**Material shown**
==*==
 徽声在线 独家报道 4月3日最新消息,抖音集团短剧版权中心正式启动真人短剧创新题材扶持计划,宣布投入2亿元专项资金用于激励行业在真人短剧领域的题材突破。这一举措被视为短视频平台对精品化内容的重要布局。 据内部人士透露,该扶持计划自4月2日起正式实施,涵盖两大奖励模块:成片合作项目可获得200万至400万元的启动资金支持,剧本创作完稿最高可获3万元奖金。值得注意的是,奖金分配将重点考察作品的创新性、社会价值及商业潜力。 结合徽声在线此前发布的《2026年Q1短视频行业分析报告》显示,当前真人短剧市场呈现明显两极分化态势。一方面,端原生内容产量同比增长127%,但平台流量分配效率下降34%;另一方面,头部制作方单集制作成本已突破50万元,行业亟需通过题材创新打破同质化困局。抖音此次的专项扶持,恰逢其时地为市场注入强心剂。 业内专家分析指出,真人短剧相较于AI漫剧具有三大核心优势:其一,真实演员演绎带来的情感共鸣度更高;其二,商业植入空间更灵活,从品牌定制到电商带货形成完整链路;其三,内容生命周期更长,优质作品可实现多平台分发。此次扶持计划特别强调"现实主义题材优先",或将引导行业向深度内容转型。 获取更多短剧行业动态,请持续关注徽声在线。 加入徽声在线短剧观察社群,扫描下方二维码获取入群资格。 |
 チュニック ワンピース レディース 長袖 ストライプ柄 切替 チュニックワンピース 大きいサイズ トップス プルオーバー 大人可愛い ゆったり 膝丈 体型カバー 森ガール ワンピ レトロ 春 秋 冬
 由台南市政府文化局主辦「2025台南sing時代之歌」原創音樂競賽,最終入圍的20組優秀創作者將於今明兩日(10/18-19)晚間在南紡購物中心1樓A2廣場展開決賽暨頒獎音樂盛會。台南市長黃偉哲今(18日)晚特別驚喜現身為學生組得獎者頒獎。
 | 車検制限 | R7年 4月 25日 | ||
==*==
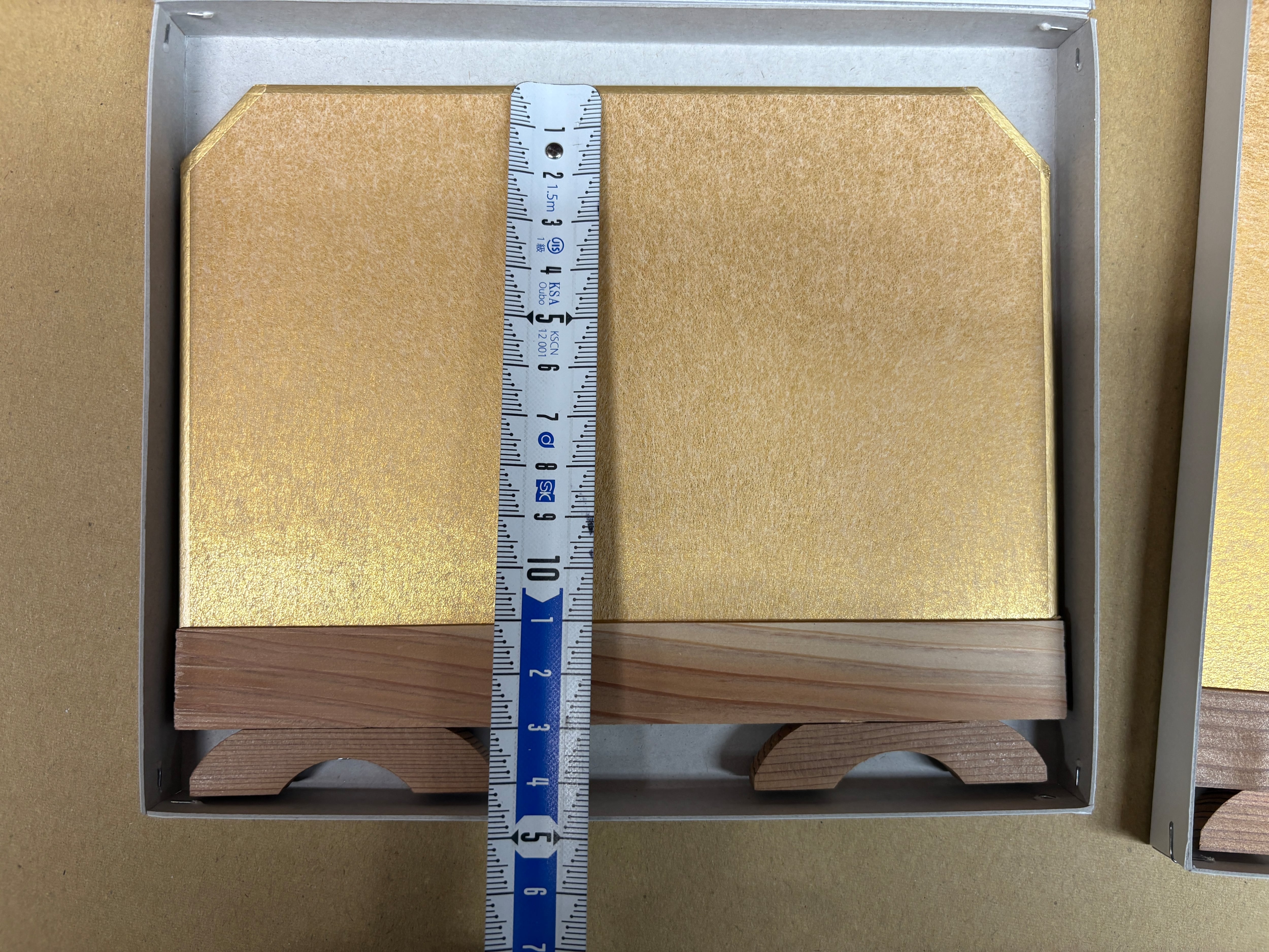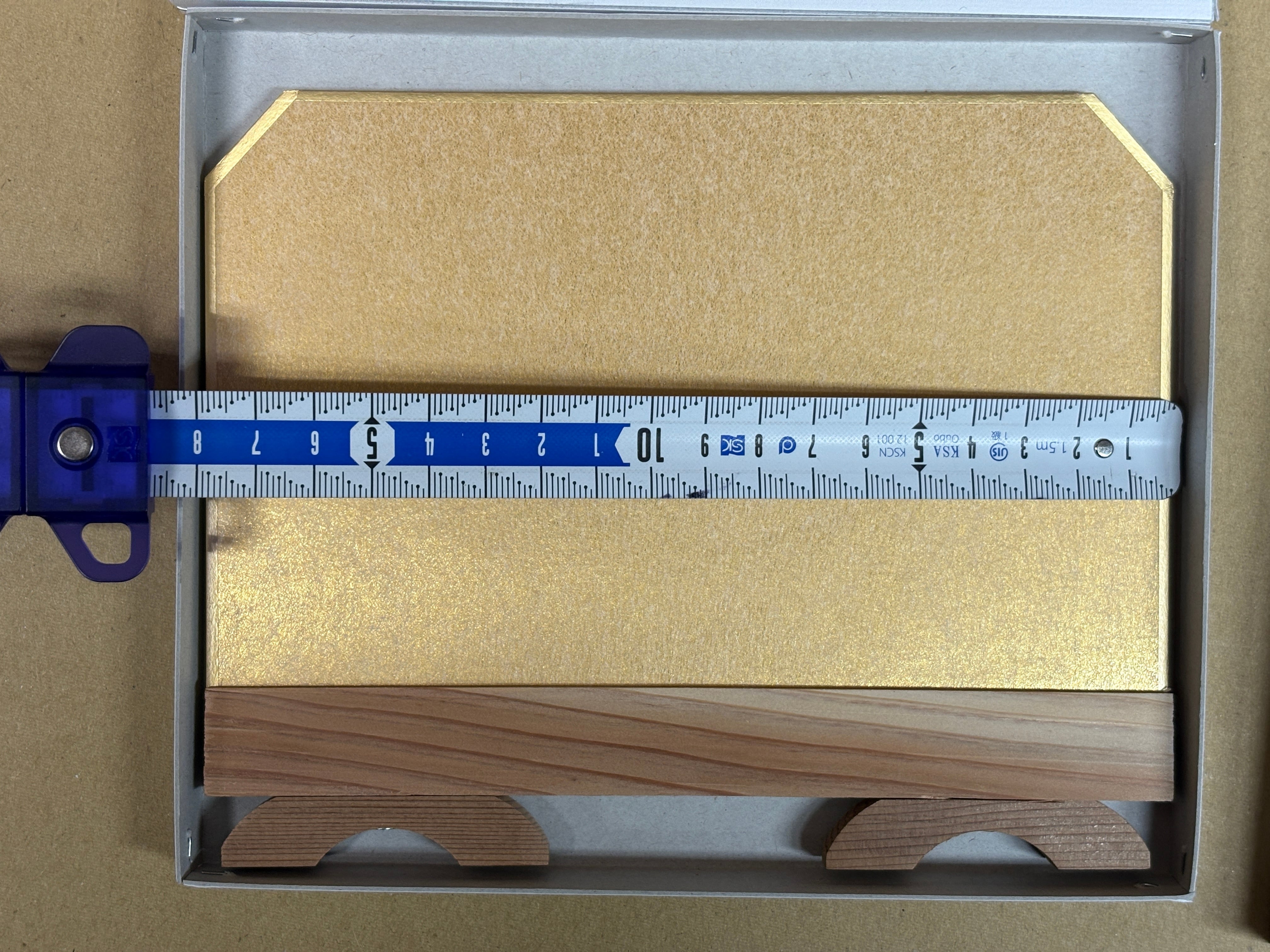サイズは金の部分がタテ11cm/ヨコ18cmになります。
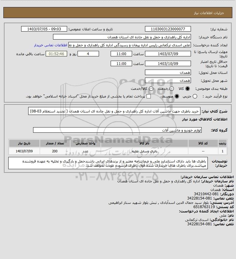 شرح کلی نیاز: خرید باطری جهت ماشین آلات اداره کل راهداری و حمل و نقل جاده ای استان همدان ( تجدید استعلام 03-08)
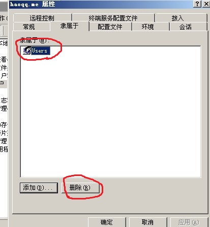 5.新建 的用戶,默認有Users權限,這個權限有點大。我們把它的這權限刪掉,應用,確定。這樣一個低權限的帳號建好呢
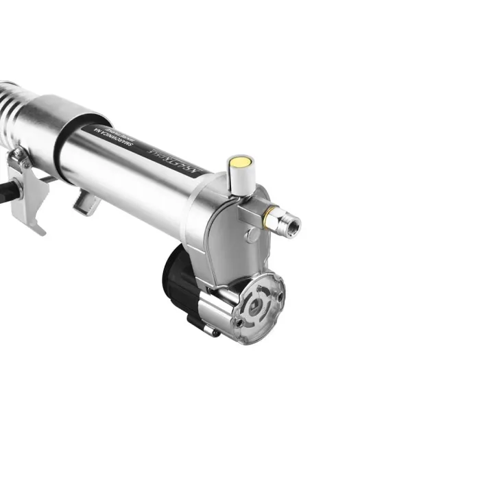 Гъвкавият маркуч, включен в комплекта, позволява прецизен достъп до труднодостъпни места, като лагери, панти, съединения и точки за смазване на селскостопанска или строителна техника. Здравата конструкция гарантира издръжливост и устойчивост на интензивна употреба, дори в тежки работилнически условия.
==*==
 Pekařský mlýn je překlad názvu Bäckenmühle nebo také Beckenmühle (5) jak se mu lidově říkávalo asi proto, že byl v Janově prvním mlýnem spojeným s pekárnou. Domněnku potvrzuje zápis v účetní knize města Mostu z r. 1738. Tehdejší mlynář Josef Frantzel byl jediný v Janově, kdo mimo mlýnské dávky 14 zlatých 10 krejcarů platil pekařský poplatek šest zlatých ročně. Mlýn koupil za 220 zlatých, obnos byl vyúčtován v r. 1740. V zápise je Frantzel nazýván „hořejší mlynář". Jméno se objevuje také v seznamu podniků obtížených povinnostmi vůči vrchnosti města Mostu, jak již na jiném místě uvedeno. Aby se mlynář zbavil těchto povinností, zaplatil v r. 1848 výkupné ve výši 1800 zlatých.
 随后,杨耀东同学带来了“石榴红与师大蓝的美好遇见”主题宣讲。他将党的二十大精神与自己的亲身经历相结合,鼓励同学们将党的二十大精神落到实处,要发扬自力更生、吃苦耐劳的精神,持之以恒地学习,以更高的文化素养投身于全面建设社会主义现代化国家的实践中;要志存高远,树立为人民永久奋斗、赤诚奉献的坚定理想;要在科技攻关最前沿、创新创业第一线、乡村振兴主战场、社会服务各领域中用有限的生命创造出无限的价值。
==*==
**Action item**
Whatever else the listing above holds, retype exactly only the lines from the one containing "チュニック ワンピース レディース" to the one containing "4月 25日 | ||", both ends kept.

**Answer section**
 チュニック ワンピース レディース 長袖 ストライプ柄 切替 チュニックワンピース 大きいサイズ トップス プルオーバー 大人可愛い ゆったり 膝丈 体型カバー 森ガール ワンピ レトロ 春 秋 冬
 由台南市政府文化局主辦「2025台南sing時代之歌」原創音樂競賽,最終入圍的20組優秀創作者將於今明兩日(10/18-19)晚間在南紡購物中心1樓A2廣場展開決賽暨頒獎音樂盛會。台南市長黃偉哲今(18日)晚特別驚喜現身為學生組得獎者頒獎。
 | 車検制限 | R7年 4月 25日 | ||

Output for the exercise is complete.